The press’ favorite, Pat Keagle, was tabbed the “Blonde Bombshell.” The Kenosha Evening News said the 5-foot-2-inch, 144-pound right fielder had “murder in her bat and speed to spare in her strong, sturdy shanks.” (Keagle died of cancer in her 30s.)
Wisniewski wouldn’t have made it out of her front door in Detroit if not for some heavy lobbying of her Polish mother, who insisted that “only bad girls leave home.”
“I gave her several options,” Wisniewski recalled. “I said it is either the military for four years or baseball for four months.”
This cast faced a number of problems. Milwaukee native Sylvia “Ronie” Wronski loved pitching at venerable Borchert Field, but most players felt the cavernous stadium lacked intimacy. While 3,000 fans filled other ballparks, the same crowd at Borchert Field seemed lost.
The Chicks also received minimal press support. The papers wrote few feature stories on either the team or Carey’s 17-year Hall of Fame career with the Pittsburgh Pirates. The most energetic coverage, in fact, was the Sentinel’s sharp critiques of the 95-cent ticket prices, the same as those for the minor-league Brewers, even though the games were shorter and sometimes satiated with errors.
The team struggled at the gate, if not at the plate. A total of 2,300 people came to the Chicks’ first four games, while the higher-exposure Brewers drew 13,694 on opening day alone. “We knew as early as mid-June that Milwaukee was a bust,” says Ken Sells, then league president.

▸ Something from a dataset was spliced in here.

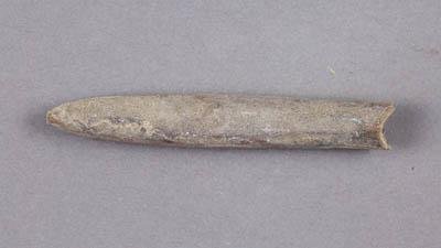 Ростр белемнита. Ростр веретеновидной формы. Поперечное сечение в приустьевой части - вертикально-эллиптическое, в апикальной - округло-треугольное, несколько сжатое в спино-брюшном направлении. Альвеола относительно узкая и не глубокая. Снаружи альвеола закрыта пробкой из вмещающей породы.. Хвостовой терминальный шипик и фрагмакон - отсутствуют. В целом ось ростра смещена к брюшной части. На спинной поверхности ростра, в его апикальной части, видны неясные отпечатки кровеносных сосудов. Поверхность ростра растворена. Общая окраска образца - серая.

The Chicks showed tenacity, however. Hours before the June 10th game, catcher Dorothy “Mickey” Maguire received notice that her husband had died in combat. She caught that night anyway, and even held off telling her teammates until after the game. Seven weeks later, Maguire received two letters, both from her husband. It turned out he’d only been mistaken for dead because he’d been burned so bad. He was shipped home after the season, but the couple divorced seven years later.
By August, the Chicks began dominating opponents, often by dint of their speed and pitching strength. As the 10-time league leader in stolen bases, Carey quickly taught the art of legalized larceny. “Max taught us how to cherry-pick our times to hit and run, steal or take a pitch,” remembered Eisen, the explosive left fielder from California.
And the pitching of 5-foot-10-inch Wisniewski, later nicknamed “Iron Woman,” was practically enough to win games on its own. “One or two runs was enough for her. If it was a must-win game, Connie pitched,” says Viola “Tommy” Thompson, the Chicks’ left-handed starting pitcher from South Carolina.
As management tried to stem the team’s financial losses—even bringing in the Milwaukee Sinfonietta as a musical pre-game draw—the team kept winning. An 11-game streak in August propelled the team to the championship series. But true to form, the Chicks’ luck faced a complication. Because the Brewers needed Borchert Field, all seven games were played in Kenosha, which the Chicks actually found more inviting than their own park.
Wisniewski felt especially at home, pitching an amazing five out of seven games and winning all four Chicks’ victories. She yielded a miniscule two earned runs in 35 innings. “I pitched with my whole body, not just my arm,” she says.
Just after the post-series corks were popped, however, the league moved the Chicks to Grand Rapids for the 1945 season, where they stayed until the league’s demise in 1954. No one remembers anyone—not even Milwaukeean Sylvia Wronski—feeling homesick afterward for the town that all but ignored one of its few championship teams.